1974 stop-motion television special

The Year Without a Santa Claus is a 1974 stop-motion animated Christmas television special produced by Rankin/Bass Productions. The story is based on Phyllis McGinley's 1956 book. It is narrated by Shirley Booth (her final acting credit before her retirement from acting) and stars the voices of Mickey Rooney, Dick Shawn and George S. Irving. It was originally broadcast on December 10, 1974, on ABC.

==Plot==
Santa Claus awakens with a cold in early December. When a Christmas elf doctor sarcastically says that nobody cares about Christmas like they used to, Santa decides to forego his annual Christmas Eve journey. Hoping to change Santa's mind, Mrs. Claus instructs two elves named Jingle and Jangle to seek evidence of Christmas spirit.

Jingle and Jangle leave with Santa's youngest reindeer Vixen and land in Southtown, a small town in the Southern United States. Unfortunately, their efforts to find Christmas spirit are fruitless, and Vixen is detained by a dog catcher and taken to the local pound.

After learning that Vixen is missing, Santa travels to Southtown, disguised as a civilian named "Klaus". There, he meets a boy named Ignatius "Iggy" Thistlewhite and his family. After Santa leaves to rescue Vixen, Iggy realizes Santa's true identity and resolves to help. Iggy meets up with Jingle and Jangle, who are on their way to request help from the jovial mayor of Southtown. The mayor laughs off Jingle, Jangle, and Iggy's stories, but he jokingly agrees to release Vixen if the elves can make it snow in Southtown. Unbeknownst to them, Santa has already visited the pound, freed Vixen, and returned to the North Pole.

The elves request help from Mrs. Claus, who collects the trio and brings them to the realm of Snow Miser, the keeper of cold weather, to dispatch snow to Southtown. Snow Miser informs them that Southtown is situated within the domain of his step-brother, Heat Miser, who would never allow it. They approach Heat Miser, and he offers to cooperate if Snow Miser allows him similar control over the North Pole. When neither brother proves willing to give in to the other's wishes, Mrs. Claus brings the dispute to their mother, Mother Nature, against the brothers' protests. Mother Nature summons Snow Miser and Heat Miser to her, and forcefully persuades her sons to reach a compromise where Heat Miser will let it snow in South Town and Snow Miser will allow one warm day at the North Pole.
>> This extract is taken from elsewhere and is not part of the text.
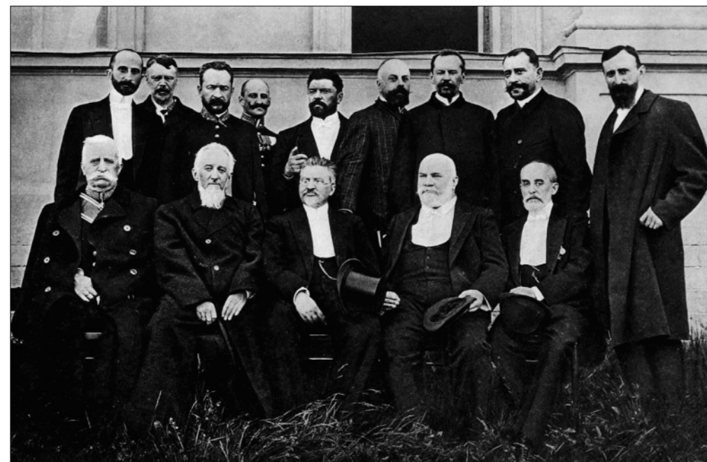
Депутация земских и городских деятелей, принятая императором Николаем II 6.07.1905 г. в Петергофском дворце.

Стоят (слева направо): Н.Н. Львов, Ф.И. Родичев, Г.Е. Львов, Ф.А. Головин, Н.Н. Ковалевский, П.Д. Долгоруков, С.Н. Трубецкой, Ю.А. Новосильцев, Д.И. Шаховской. Сидят (слева направо): П.Л. Корф, П.А. Гейден, И.И. Петрункевич, М.П. Федоров, А.Н. Никитин

The mayor of Southtown, stunned by the snow and realizing the elves were telling the truth, puts out a call to give Santa Claus an official day off for the upcoming Christmas. The news crosses the world, and as Christmas approaches, the children of the world send presents to Santa, generating international headlines. Touched by the outpouring of generosity, Santa decides to embark on his yuletide journey after all. Mrs. Claus remarks that "yearly, newly, faithfully and truly, somehow Santa Claus always comes".

==Songs==
1. "Sleigh Ride" (instrumental)
2. "The Year Without a Santa Claus"
3. "I Could Be Santa Claus"
4. "I Believe in Santa Claus"
5. "It's Gonna Snow Right Here in Dixie"
6. "The Snow Miser Song"
7. "The Heat Miser Song"
8. "Blue Christmas"
9. "Here Comes Santa Claus"
10. "The Year Without a Santa Claus (reprise)"

==Release==

An advertisement for a rerun of the special in 1998

The special premiered in 1974 on ABC and aired annually on Freeform during its 25 Days of Christmas programming block until 2017. As of 2018, American Movie Classics airs the uncut special as part of the Best Christmas Ever block. The special also airs on Warner Bros.-owned TNT and TBS as part of the All I Watch for Christmas block, the only Rankin/Bass special that TNT and TBS air.

Warner Bros. Entertainment currently distributes the special through their ownership of the post-1974 Rankin/Bass Productions library.

===Home media===
The special was released on VHS by Vestron Video on September 5, 1991, as part of their Christmas Classics Series, which is distributed by Family Home Entertainment. Warner Home Video released the special on VHS on September 2, 1992, and re-released it on VHS on September 28, 1999. The special was released on DVD on October 31, 2000, and re-released on the Deluxe Edition DVD on October 2, 2007. Warner Home Video released the special on Blu-ray on October 5, 2010, making it the first Rankin/Bass production to be released on that format.

==Remake and sequel==
A live-action remake of The Year Without a Santa Claus premiered on NBC on December 11, 2006, and was released on DVD the following day. It follows largely the same plot as the original special.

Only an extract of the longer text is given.